The technical skills have changed. PySpark, Delta table, Notebooks were not around a few years ago. Generative AI, wasn't around a few years ago, and is helping with the changing technical landscape, that always should be the goal, to help not to do. Much like search engines did, and replaced looking stuff up in a book, or the grey bearded/haired experts that knew the secret sauce recipe. I've been comfortable with SQL for years, Python, not so much, but using AI to build Python stuff has helped me learn Python quicker, as you can use AI to explain its thinking and why is it doing it this way!

For the non-technical skills in data engineering, these haven't changed as much. Communication, business understanding, collaboration, being an obsessive problem solver (Again that last one is just me). But what has evolved is the goal of data engineering.


I used to just move data, query data, and analyse data, but now that goal has shifted since I first fired up SSMS and read 'SAMS Learn SQL in 24 Hours'. Moving data is now the basics of what I do and it may seem at first that it is the core of data engineering. If you think that is all to data engineering, you've been looking at it all wrong.
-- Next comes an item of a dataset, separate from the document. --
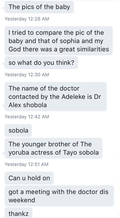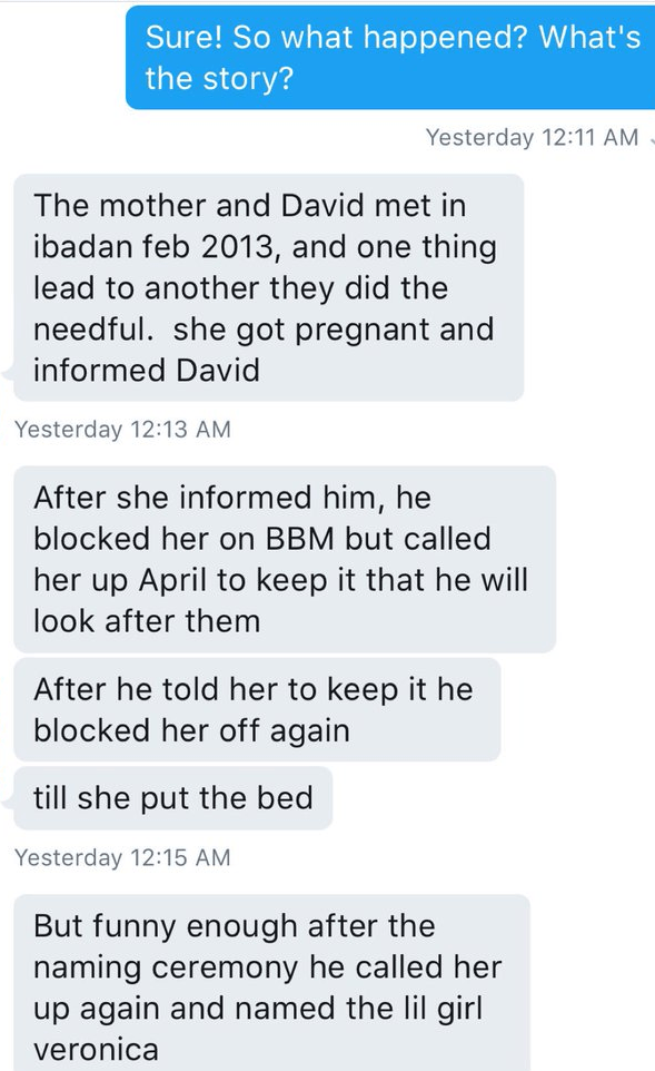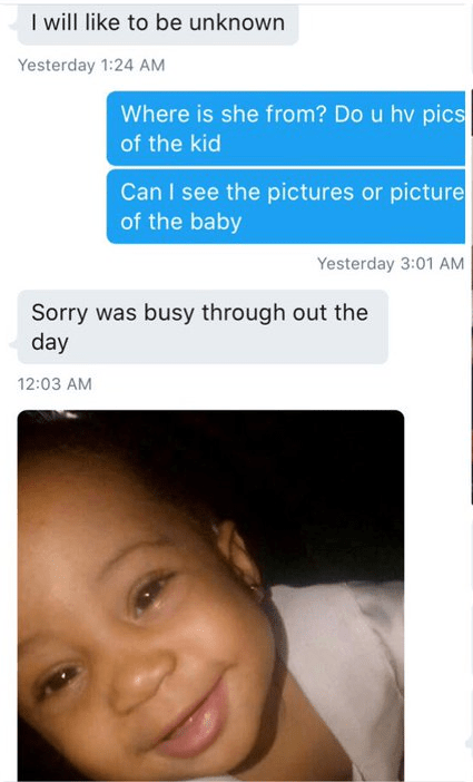 A lady sent messages to @SubDeliveryMan on Twitter with photos of the little girl who bears a striking resemblance to his daughter, Imade..

Modern data engineers now have the goal of creating reliable, governed, reusable and intelligent data solutions that help the business make better decisions... using tools that help with reliable, governed, reusable development and release practices.

Anyone can move data, that's the chess part. Being the grand master is understanding the pattern, the process and the capability of what you do.


Hope that has help sort of figure out what we should be doing. Let's see what the future brings.


Footnote


If you like the Gilbert and Sullivan plays about duty (Fun fact, they are all about duty) I got AI to write me a ditty based on 'I am the very model of a modern Major General', but with a Fabric twist:


I Am the Very Model of a Modern Fabric Engineer


I am the very model of a modern Fabric engineer,

I've workspaces and capacities that everyone should volunteer.

I branch my code in DevOps, then I merge it with a pull request,

And pray my deployment pipeline thinks my latest commit is best.


I populate a Lakehouse with a medallion design in mind,

Where Bronze and Silver cleanse the data, Gold is polished, well refined.

My shortcuts span a dozen clouds, yet live within OneLake's domain,

Until someone moves the source and then I map them all again.


I build semantic models that are lightning fast in Direct Lake,

Though one refreshed dependency is all it really takes to break.

I certify my datasets so the business know which ones are right,

Then answer why "that other report" gives numbers quite a different sight.